What Branches Are You Growing?
It’s been said numerous times that the pandemic has changed us.
It’s changed the way we interact, the way we operate, the way we think about the future, and there’s no debate that it changed the way we work.
A year ago, zoom fatigue was simply not a thing. The way that you now approach your day, your work and your team would have been unimaginable just twelve months ago.
I’ve also observed some pretty dramatic personal shifts happening.
I have nine colleagues who have moved during the pandemic—downsizing, upgrading or relocating entirely. Others are noticing shifts in terms of their professional focus or their aspirations for the career they are building and the impact they seek to have in the world.
Last January, in the 'Before times', I kicked off an engagement with a client. A high-performer, her world was an intricate web of tending to an ambitious career that was heavy on business travel, making time to be with her young family, and nurturing the desire to be grounded and always show up at her best for clients, family and friends.
Time felt like a scarce resource for her.
Although unplanned, the pandemic arrived like a well-trained arborist, clipping away many of these limbs and grounding her firmly in the here and now—the trunk and root system that supported her loftiest ambitions.
This natural opening enabled us to dive into the way she had been approaching and thinking about her time. We identified deeply held beliefs, articulated time principles and created guardrails to guide her as she translated her aspirations into real world changes and results.
Over the course of the pandemic, my client made some shifts.
She decided she wanted to build on her old way of doing things, not “let go” of what came before. She wanted to take the experience and knowledge she’d earned and extend it towards new and exciting places for her work.
In other words, she wanted to strengthen the branches she had grown over the course of her career.
Building from these branches, she wanted to extend into interesting new places and work experiences.
She wanted to move towards work and projects that energize her.
She wanted to ground herself by setting limits around her availability, so that she could show up as both the leader she knew she was capable of being and as the kind of human being she liked to be around.
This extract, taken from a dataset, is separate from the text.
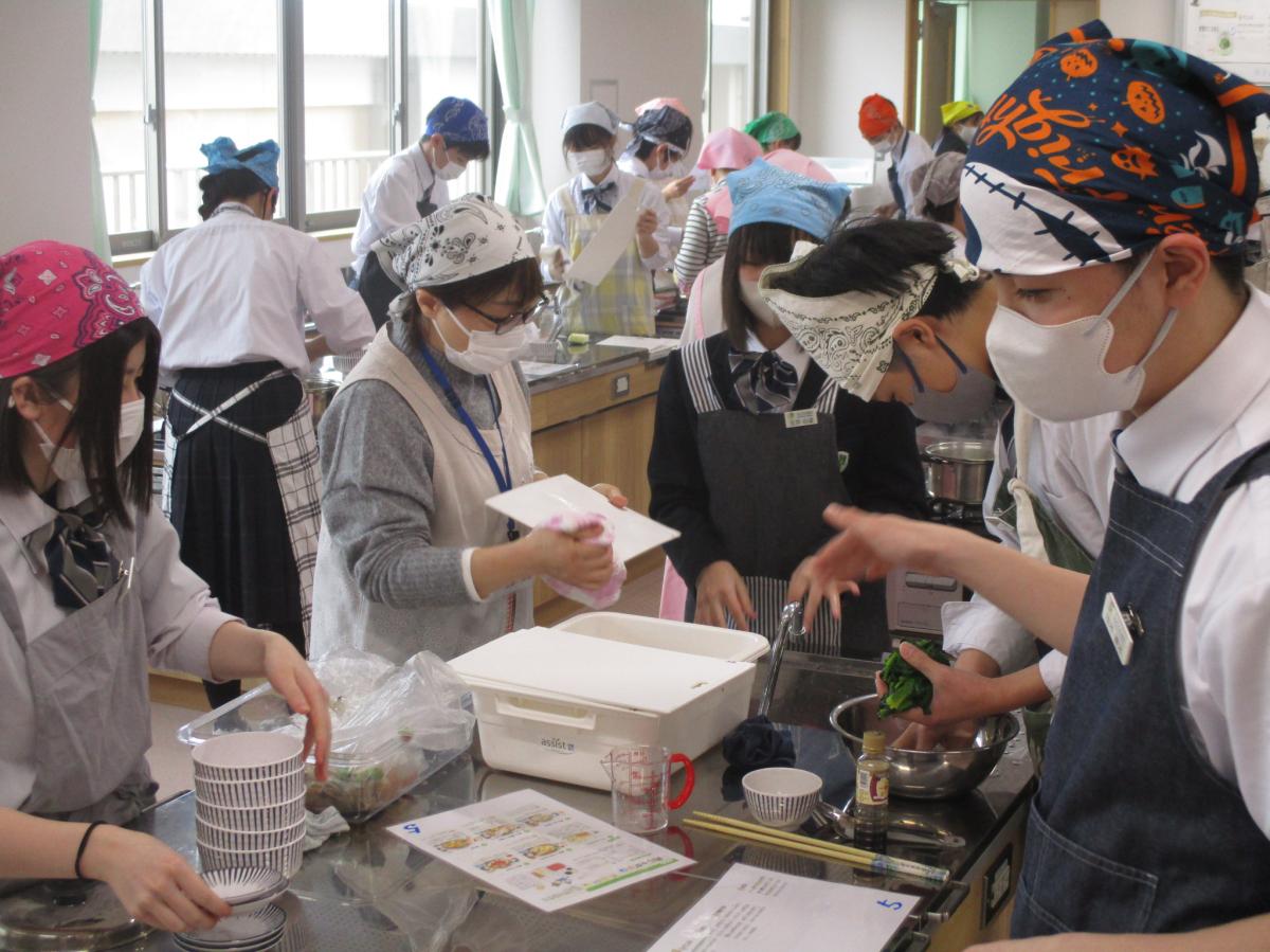 外部講師の3人の先生に包丁の使い方などをサポートしていただき、彩りよく仕上げることができました。

Often, we find ourselves asking binary questions — what do I want to start and what do I want to stop doing? What is bad and what is good?
For many of us, the lessons and insights we’ve uncovered in this time mean that we don’t want to go backward. Sure, we may crave the normalcy and freedom of 2019, yet many of us deep down don't want to revert to that life entirely.
But what if we opened up our line of questioning, and thought about our work in terms of branches on a tree, so that as we grow in new areas we are still supported by that which came before?